The majority of those who approached the commissioners Tuesday, though, were against the Jan. 7 vote. Jean Christensen was one of them.
In the mid-1980s, Christensen worked with Vietnamese teenagers who had been in refugee camps through Lutheran Social Services Minnesota and Lutheran Immigration and Refugee Services.
"I would help them go to school, learn English, become part of the culture and society, and eventually go to college or a trade school," Christensen told the Pioneer after the meeting. "I was very saddened to hear that the young refugee children that I worked with so many years ago might not have been welcome in this community at this time, which is not how they were received then."
Another local resident speaking Tuesday was Colleen Bakken, who argued for the decision to be reversed.
"Compassion.
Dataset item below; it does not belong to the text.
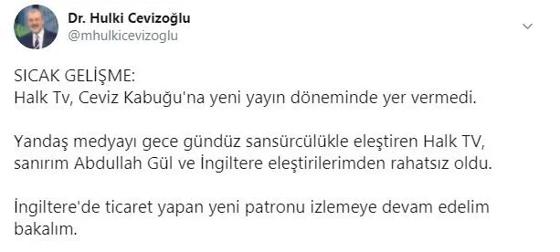 Hulki Cevizoğlu, yaptığı paylaşımda "Sıcak gelişme" diyerek Halk TV'nin kararını şöyle uyurdu: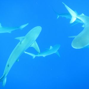 This was an awesome experience. I had done the shark cage before, but I never thought that I'd be able to swim with the sharks without cage. I was a bit skeptical about the safety, but once I was in the water, I didn't feel threatened at all. It was just a calm and relaxing experience, and the sharks were not interested in humans at all. The sharks we saw were mostly Sandbar Sharks and Galapagos Sharks, and they only eat fish. They were more attracted to the sound/vibration of the boat engine. So the guide instructed us to stay away from the boat, and we stayed together as a group. We only have a group of 5 with 1 guide and 1 photographer in the water, so the experience was very intimate.

This is the energy that gives courage, wisdom, fortitude and direction to make decisions that will serve this generation, but more importantly, generations to come. If your decisions are made without compassion, what truly is left?" Bakken said to the board. "Compassionate communities can bring the best people together, working to solve any of the other issues. I'm asking you to correct your decision. To do what it takes to set our community's course back on track. We all make mistakes, make this mistake right."
Ernest Joseph Oppegaard-Peltier III, who moved to Bemidji from Grand Forks in 2018, was another resident who spoke Tuesday, and was also one of those in the crowd holding a sign in support of refugees.
"I'm especially proud of the folks who showed up today," Oppegaard-Peltier III said. "It seemed like the majority tonight were in favor of allowing refugees to resettle in the area."